See notebook *part_I.ipynb*

## 4. Sentiment Analysis using Word Embeddings 

Get sentiment data from [kaggle](https://www.kaggle.com/datasets/tarkkaanko/amazon)

Our goal is to train a binary classifier, that is able to predict the label (positive/negative in the data). 0 is negative, 1 is positive.

Your task:
1. model 1: as a baseline use *opinion_lexicon* from *nltk* and count positive/negative words to classify
2. model 2: think about a way how to use word embeddings to transform text (of arbitrary length) into a vector representation (e.g. through some aggregation function like sum, mean, max, etc.)
3. model 3: maybe even better, combine the previous two approaches (i.e. from 1. you get positive negative 
counts and from 2. you get a vector representation, now you concatenate the two)

Train a [elastic net](https://scikit-learn.org/stable/modules/generated/sklearn.linear_model.LogisticRegressionCV.html#sklearn.linear_model.LogisticRegressionCV) and find "optimal" hyperparameters of the model ($l_1\text{-ratio}$ and $\alpha$) through cross validation.

Useful links:
- [train_test_split](https://scikit-learn.org/stable/modules/generated/sklearn.model_selection.train_test_split.html)
- [Pipeline](https://scikit-learn.org/stable/modules/generated/sklearn.pipeline.Pipeline.html)
- [GridSearchCV](https://scikit-learn.org/stable/modules/generated/sklearn.model_selection.GridSearchCV.html)

In [20]:
df = pd.read_csv("movie.csv")
df

Unnamed: 0,text,label
0,I grew up (b. 1965) watching and loving the Th...,0
1,"When I put this movie in my DVD player, and sa...",0
2,Why do people who do not know what a particula...,0
3,Even though I have great interest in Biblical ...,0
4,Im a die hard Dads Army fan and nothing will e...,1
...,...,...
39995,"""Western Union"" is something of a forgotten cl...",1
39996,This movie is an incredible piece of work.

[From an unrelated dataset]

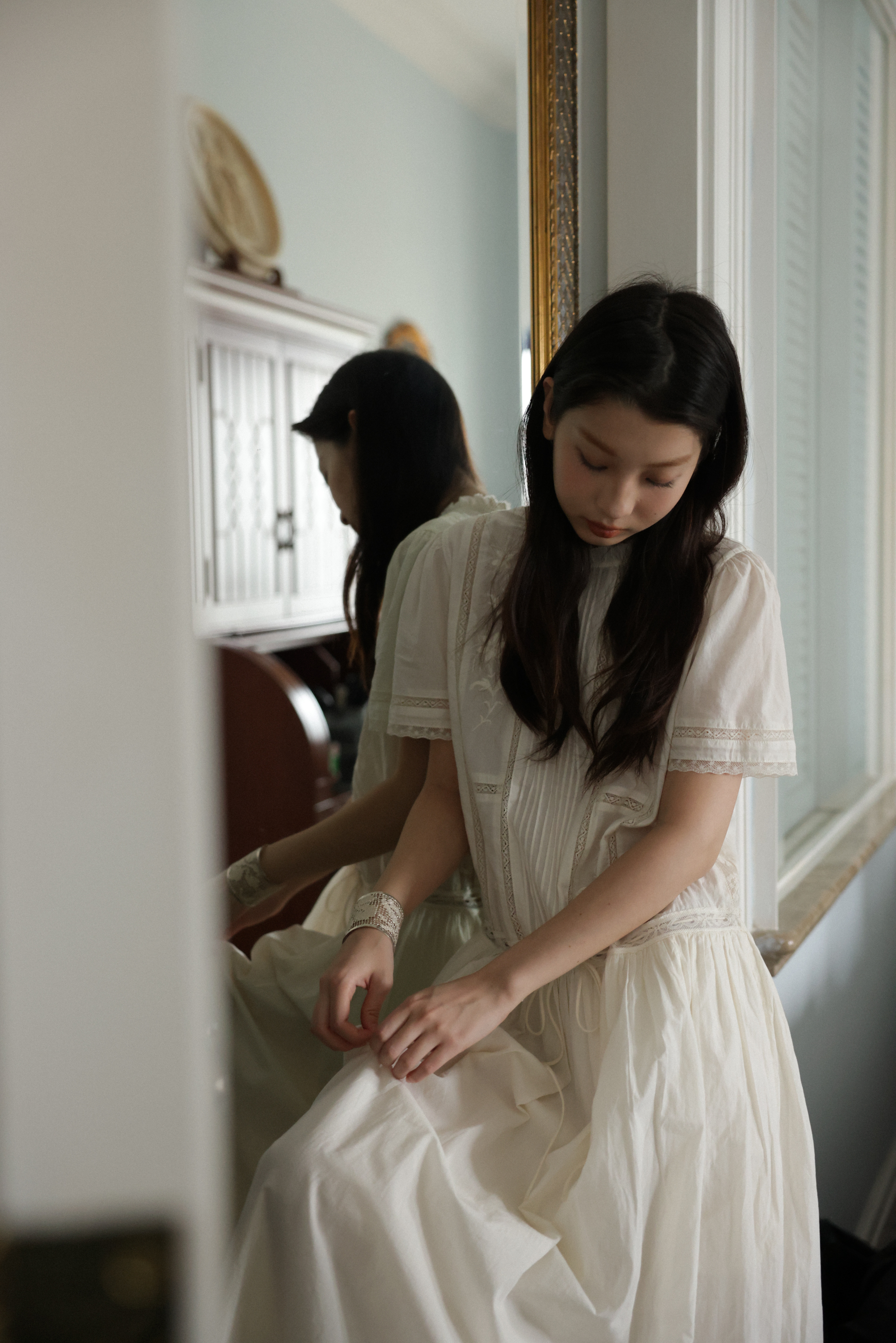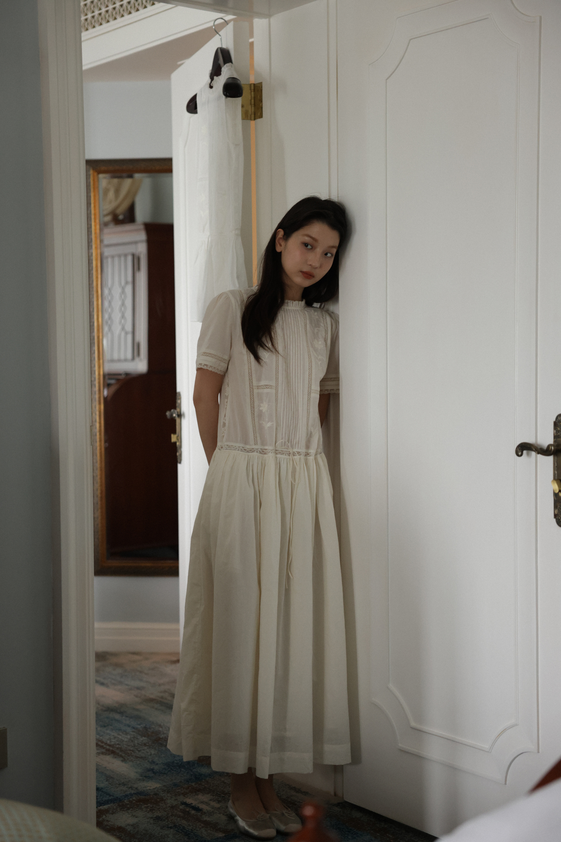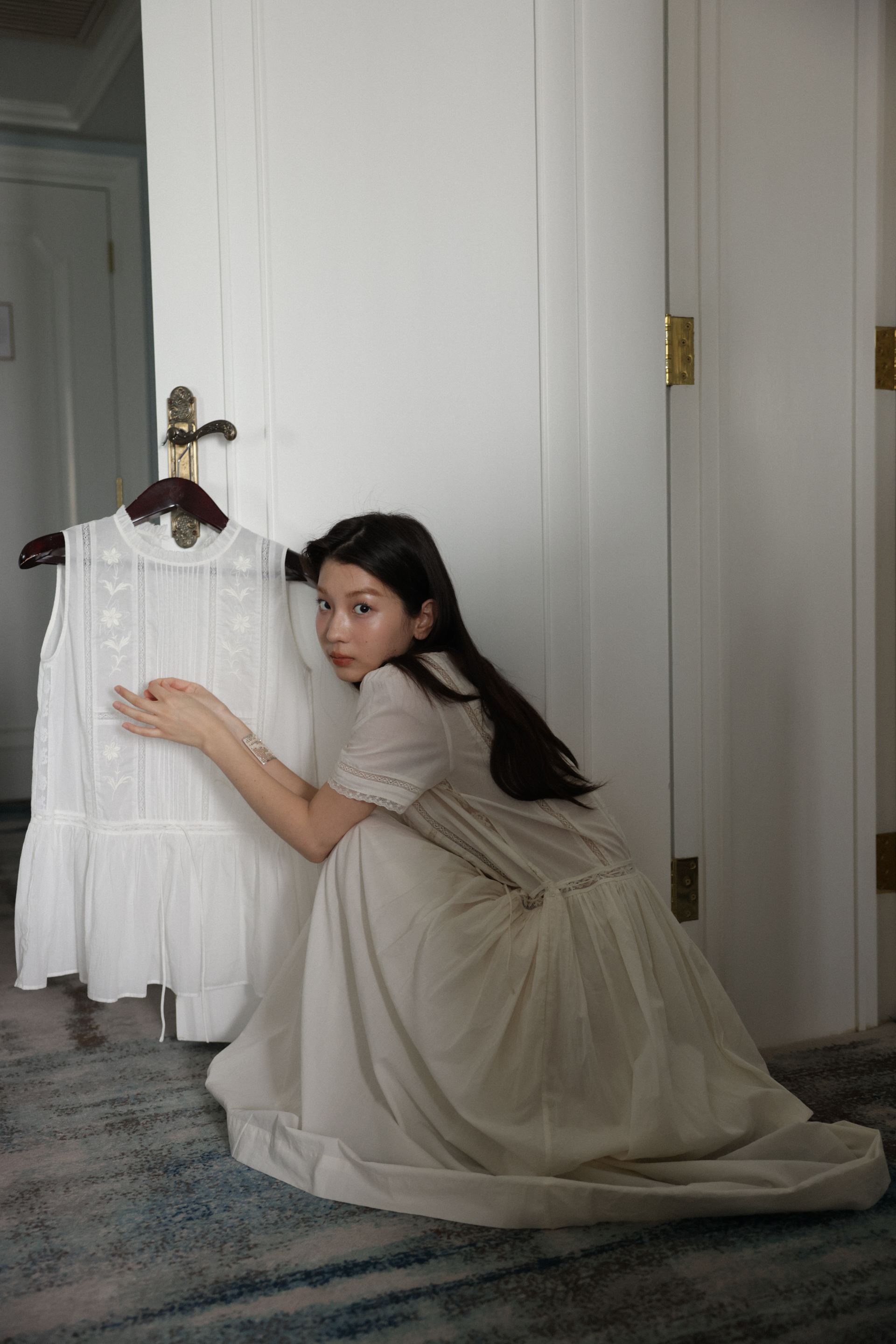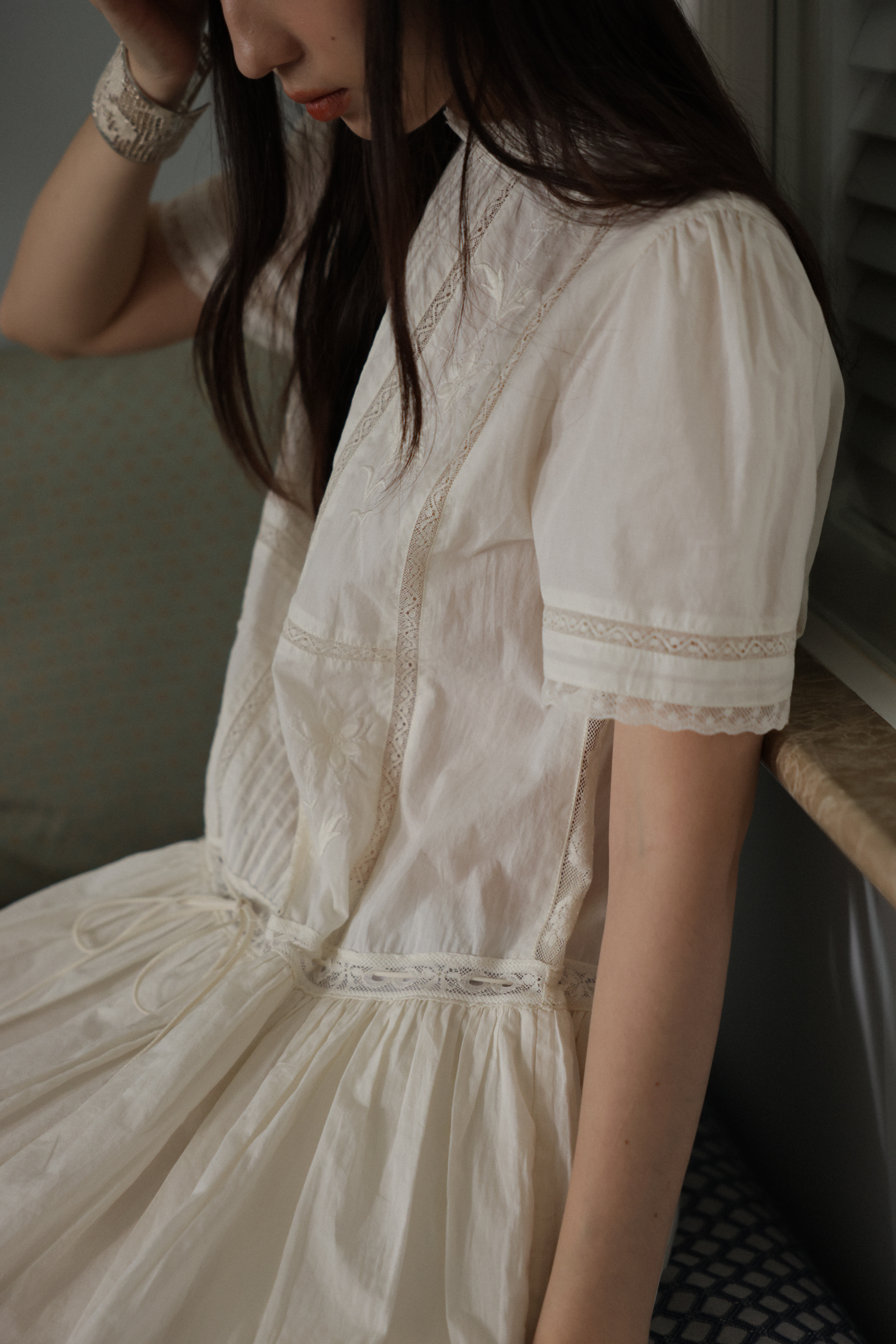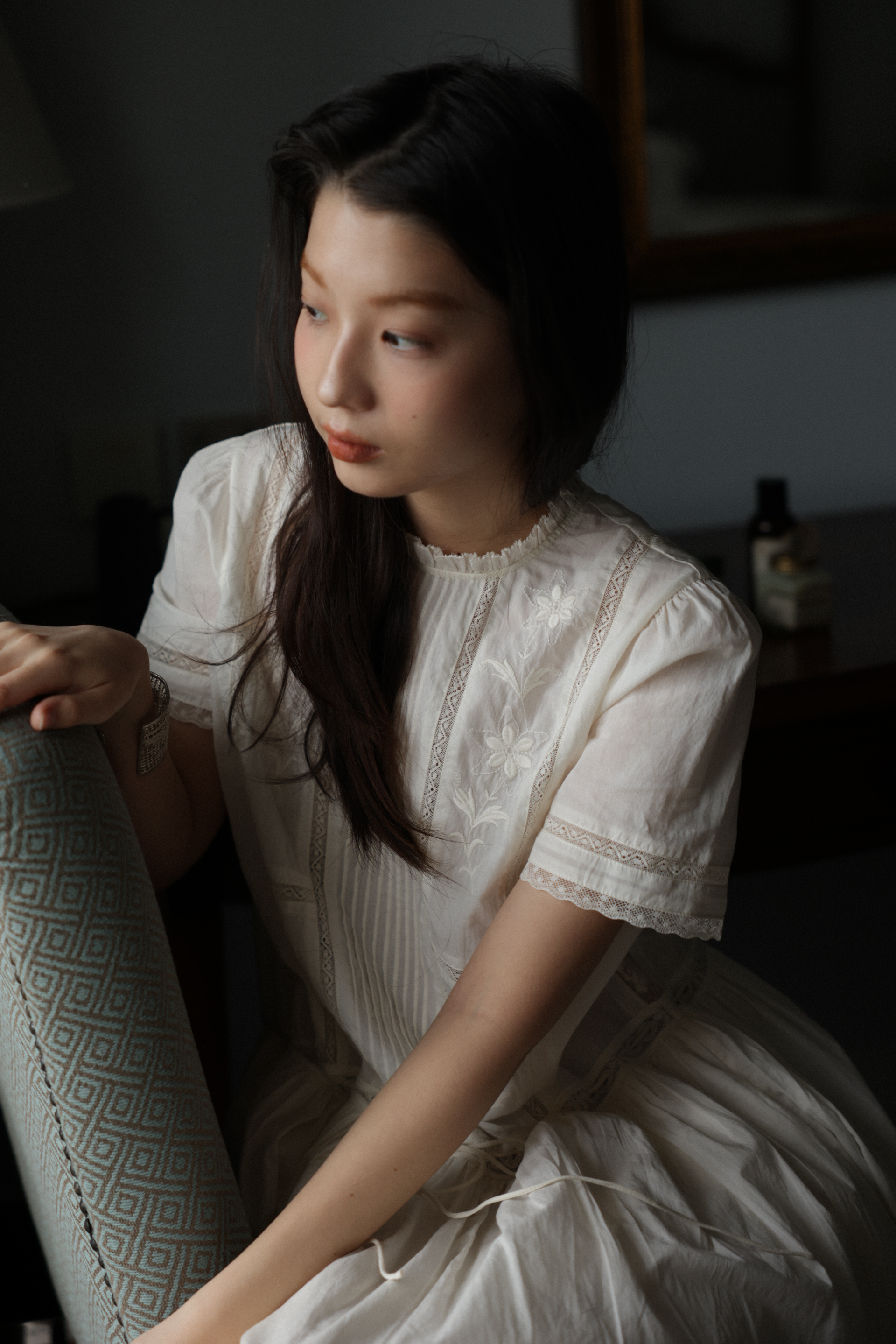 Miroment Delicate Embroidered Small Stand Collar Antique Beige Low-Waist Dress Beige Sleeveless/Short-Sleeve Multiple Images

It ...,1
39997,My wife and I watched this movie because we pl...,0
39998,"When I first watched Flatliners, I was amazed....",1


In [21]:
import nltk
nltk.download('opinion_lexicon')

from nltk.corpus import opinion_lexicon

positive_set = set(opinion_lexicon.positive())
negative_set = set(opinion_lexicon.negative())

[nltk_data] Downloading package opinion_lexicon to
[nltk_data]     /home/stephan/nltk_data...
[nltk_data]   Package opinion_lexicon is already up-to-date!